Kāi blinked those sky-blue eyes at him.

“I don’t know him.”

“You do,” Minseok insisted. “He’s the other side of you. Think about it. When you had the trackers, and you were sent to fetch them, were you going toward coordinates, or toward them?”

Kāi’s mouth dropped open. Minseok gripped his arm.

“You can do it. You have to. Find Jongin, and take us all there at once.”

Kāi grimaced and looked away.

“We need you.”

“I’ve never taken so many,” Kāi whispered.

“But you can,” Minseok said. “I know you can. Because you have to. Because that’s what will save them.”

Kāi looked over at his teammates.

“Hyung believes in you,” Minseok said, and Kāi’s stubborn expression made him feel almost cheerful.

“Huddle up,” he called out.

So what if he maneuvered himself to be the one holding up Chën? There would be troubles and heartaches and confusion to come; for the moment, Minseok would wedge himself close against that bony torso and let his heart flutter at the brief moment of Chën leaning his head on Minseok’s shoulder.

They crowded as close as they could, with Kāi holding Suhø in the center and everyone else trying to touch as much of Kāi as they could, just in case.

“Jongin,” Kāi murmured, head bent low.

A shiver ran through him, then,

“I feel him!”

Usually, teleporting was a split second of disorientation/darkness/cold. This seemed to last for ages. Minseok could only feel the parts of himself that touched others – his cheek pressed against Kāi’s back, one arm around Chën, the other wound around Baëkhyun’s arm. The sense of movement without being able to see anything made him feel sick, and he had time to wonder whether people could get stuck in this in-between place, and if so, what that would mean. An eternity spent freezing and nauseated in the dark with Chën leaning against his arm: well, it was better than the Red Force clinic, anyhow.

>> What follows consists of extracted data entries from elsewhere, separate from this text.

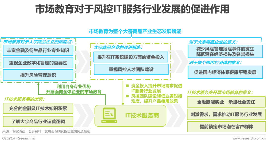 大宗商品企业没有足够强的风险管理意识不仅意味着其自身将面临较大的经营风险,同时也是对整个国内经济体系平稳运行的重大威胁。IT技术服务厂商作为拥有金融衍生品知识、了解大宗商品运营逻辑的核心市场参与者,应积极开展面向全体大宗商品企业的市场教育工作,承担金融赋能实业的社会责任。此外,市场教育在促使大宗商品企业重视风控能力的同时,也将提升其在风控IT系统建设方面的资金投入,最终IT厂商开展的市场教育工作在为整个大宗商品产业生态赋能后,又通过市场供需关系的相互作用,进一步推动了整个IT技术服务行业的发展。
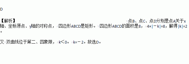 如图,点A是双曲线在第二象限分支上的任意一点,点B、点C、点D分别是点A关于x轴、坐标原点、y轴的对称点.若四边形ABCD的面积是8,则k的值为( )
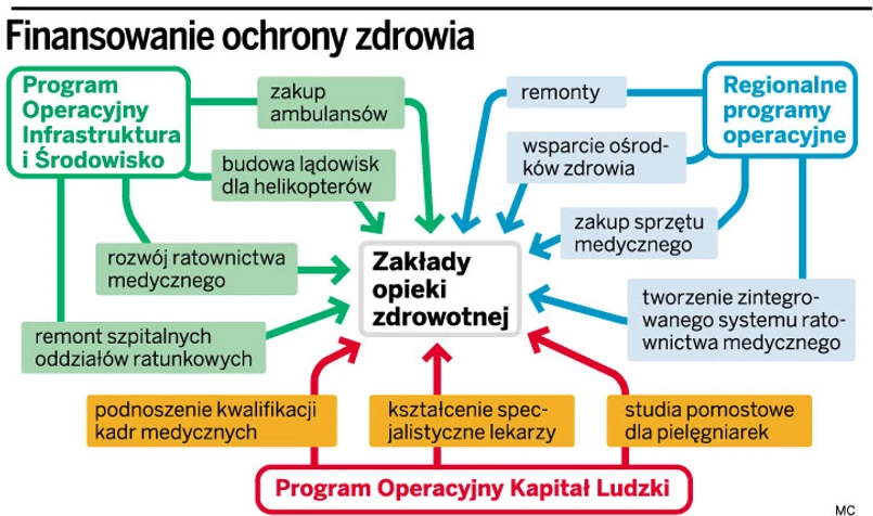 Polskie placówki medyczne, w tym przede wszystkim te założone i zarządzane przez jednostki samorządu terytorialnego bardzo chętnie ubiegają się o dofinansowanie europejskie. Łącznie z budżetu Unii Europejskiej na inwestycje do zakładów opieki zdrowotnej trafiło już prawie 3 mld zł. Środki te pochodziły z Programu Operacyjnego Infrastruktura i Środowisko (PO IiŚ) oraz regionalnych programów operacyjnych (RPO). Szpitale za pieniądze z Unii Europejskiej głównie powiększają swoje zaplecze techniczne, prowadzą remonty, budują lądowiska dla helikopterów, kupują nowoczesny sprzęt i ambulanse. Problem w tym, że unijne dotacje przyznane Polsce do 2013 roku się kończą, a potrzeby służby zdrowia nie zostały zrealizowane nawet w połowie.
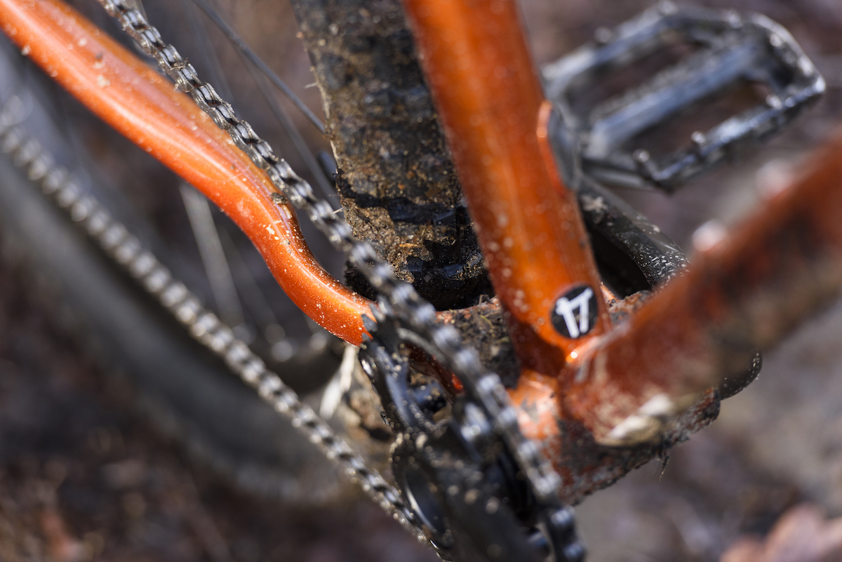 The frame is a double-butted 4130 cromoly steel job with “progressive geometry” (which I think means ‘lots of fun’), a tapered headtube, 12mm thru-axle rear dropouts which are modular so you can swap for 135mm or replace if needed, a PF30 press-fit BB shell, a rather serious-looking forged chainstay yoke that looks very roomy, even with 2.35in tyres fitted and stealth routing for a dropper post.

Just when he was convinced that they were in fact stuck in nothingness for the rest of time, they tumbled into light, warmth, and a pile of uncooperative limbs. Kāi collapsed under him, and it took Minseok a second to remember how his body worked to sit up, pulling Chën’s weakly moving form with him, off of Kāi, who lay unconscious on top of Suhø.

“What?” Jongin said. 

When Minseok looked over, it was through tears. Jongin’s wavering form looked strong and furious and more beautiful than anything in the world.

“How?”

He was moving toward the red button by every door that meant alarms and guns.

“Jongin,” Minseok croaked.

“Minseok hyung?”

Minseok understood the tone of voice, he could hardly believe it either, that this had worked.

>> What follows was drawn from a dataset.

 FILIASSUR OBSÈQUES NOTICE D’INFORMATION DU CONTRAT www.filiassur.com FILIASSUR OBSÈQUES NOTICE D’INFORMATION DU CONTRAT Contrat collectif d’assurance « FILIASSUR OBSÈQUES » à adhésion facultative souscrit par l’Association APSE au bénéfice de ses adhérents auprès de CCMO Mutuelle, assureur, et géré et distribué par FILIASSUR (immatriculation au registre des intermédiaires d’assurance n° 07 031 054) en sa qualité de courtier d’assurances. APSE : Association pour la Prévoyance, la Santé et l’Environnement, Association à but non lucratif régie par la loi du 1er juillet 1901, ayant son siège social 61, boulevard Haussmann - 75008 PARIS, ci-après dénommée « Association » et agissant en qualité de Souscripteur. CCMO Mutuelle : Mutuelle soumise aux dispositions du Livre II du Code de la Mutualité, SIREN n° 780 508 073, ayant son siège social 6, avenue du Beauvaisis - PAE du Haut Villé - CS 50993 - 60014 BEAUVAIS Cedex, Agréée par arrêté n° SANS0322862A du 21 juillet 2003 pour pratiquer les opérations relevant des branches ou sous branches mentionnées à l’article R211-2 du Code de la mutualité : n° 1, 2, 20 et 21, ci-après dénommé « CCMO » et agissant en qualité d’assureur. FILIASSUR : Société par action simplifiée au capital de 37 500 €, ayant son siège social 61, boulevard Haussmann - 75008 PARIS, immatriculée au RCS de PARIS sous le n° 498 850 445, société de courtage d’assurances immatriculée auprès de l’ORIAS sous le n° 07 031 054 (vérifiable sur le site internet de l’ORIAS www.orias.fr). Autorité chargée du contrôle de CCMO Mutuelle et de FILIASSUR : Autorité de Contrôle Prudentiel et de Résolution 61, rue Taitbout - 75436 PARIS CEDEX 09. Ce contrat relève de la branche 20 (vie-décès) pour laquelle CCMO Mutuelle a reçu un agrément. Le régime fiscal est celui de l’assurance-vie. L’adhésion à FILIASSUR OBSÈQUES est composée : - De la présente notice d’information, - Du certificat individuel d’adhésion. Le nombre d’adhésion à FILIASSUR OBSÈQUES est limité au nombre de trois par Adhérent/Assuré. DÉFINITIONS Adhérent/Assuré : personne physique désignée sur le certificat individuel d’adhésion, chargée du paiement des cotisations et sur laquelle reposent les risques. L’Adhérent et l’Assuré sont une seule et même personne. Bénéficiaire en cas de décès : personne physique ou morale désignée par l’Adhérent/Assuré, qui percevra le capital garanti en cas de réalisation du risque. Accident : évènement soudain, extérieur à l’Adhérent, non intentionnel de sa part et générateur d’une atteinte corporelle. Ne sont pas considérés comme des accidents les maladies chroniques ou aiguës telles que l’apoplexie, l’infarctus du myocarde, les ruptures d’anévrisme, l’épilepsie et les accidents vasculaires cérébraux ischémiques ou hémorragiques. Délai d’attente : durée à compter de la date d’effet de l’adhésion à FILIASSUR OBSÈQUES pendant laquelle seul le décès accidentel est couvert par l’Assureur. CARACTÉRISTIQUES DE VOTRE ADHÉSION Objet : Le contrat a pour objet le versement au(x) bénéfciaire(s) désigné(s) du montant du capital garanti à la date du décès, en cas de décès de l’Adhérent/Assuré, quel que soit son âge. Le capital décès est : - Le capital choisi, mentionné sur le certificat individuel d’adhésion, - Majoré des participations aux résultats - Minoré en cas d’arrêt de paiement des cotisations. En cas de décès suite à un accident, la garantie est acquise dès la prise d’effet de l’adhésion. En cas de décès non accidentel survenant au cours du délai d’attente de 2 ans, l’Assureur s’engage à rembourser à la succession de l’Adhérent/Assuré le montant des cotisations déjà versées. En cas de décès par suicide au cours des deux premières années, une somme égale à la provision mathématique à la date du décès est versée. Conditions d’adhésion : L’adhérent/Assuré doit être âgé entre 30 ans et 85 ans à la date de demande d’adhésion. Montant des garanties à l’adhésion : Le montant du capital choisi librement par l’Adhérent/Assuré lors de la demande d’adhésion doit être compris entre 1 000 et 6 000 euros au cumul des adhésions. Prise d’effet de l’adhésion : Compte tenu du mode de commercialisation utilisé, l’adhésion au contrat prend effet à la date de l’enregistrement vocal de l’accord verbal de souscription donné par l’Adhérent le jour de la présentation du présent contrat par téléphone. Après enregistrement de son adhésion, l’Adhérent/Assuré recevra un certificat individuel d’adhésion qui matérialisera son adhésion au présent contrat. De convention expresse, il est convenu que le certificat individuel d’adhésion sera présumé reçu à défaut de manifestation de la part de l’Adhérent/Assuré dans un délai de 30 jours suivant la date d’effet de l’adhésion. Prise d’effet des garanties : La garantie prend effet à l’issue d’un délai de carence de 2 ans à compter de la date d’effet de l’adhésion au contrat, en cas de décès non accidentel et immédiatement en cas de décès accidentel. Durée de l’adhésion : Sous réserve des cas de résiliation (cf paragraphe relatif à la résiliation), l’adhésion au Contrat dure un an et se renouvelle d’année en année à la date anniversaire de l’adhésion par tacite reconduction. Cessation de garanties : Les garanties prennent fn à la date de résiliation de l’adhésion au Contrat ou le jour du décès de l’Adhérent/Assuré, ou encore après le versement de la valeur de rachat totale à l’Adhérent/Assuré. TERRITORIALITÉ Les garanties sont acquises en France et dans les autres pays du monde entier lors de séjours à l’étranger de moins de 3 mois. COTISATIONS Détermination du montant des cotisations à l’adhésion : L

“Not an attack,” he said. “We need Yixing.”

“You need? What?”

Minseok shook his head. Chën coughed again, deep and wracking and wet. That and the sight of Suhø’s pale, lolling face helped Minseok gather himself and slowly stand.

“Get Yixing,” he said. “Yixing, and every medic you can think of. We need blood transfusions, at the very least. Go get them, Nini, please, I’m going to lose them otherwise.”

He watched Jongin’s eyes rake over the tableau, watched his eyes narrow at the way Baëkhyun clung to Minseok’s leg, how Minseok’s hand was tangled in Chën’s hair.

 _Please_ , Minseok thought. _Please, Jongin, use your heart_.

Jongin, who snuck away from base for birthday cakes, and who never hesitated to rescue. He pressed his lips together, nodded once, and disappeared.

Minseok dropped to his knees to gather Chën and Baëkhyun close, pulled them away to let Chanyeøl lift Kāi, who was starting to move feebly, off Suhø and let Sehůn grab the unconscious leader.

“There’s a blanket behind you.”

Chanyeøl looked around, grabbed it, and wrapped it around himself and Kāi.

“What now?” Sehůn said.

Jongin’s door opened, and Yixing stepped through. He had a gun in one hand, but it was held down at his side, and the frown on his face softened when he met Minseok’s eyes.

“Now,” Minseok said, through tears and something that was almost laughter, “now everything gets better.”

**Author's Note:**

> Prompter, thanks for a perfect prompt! I hope it's what you wanted.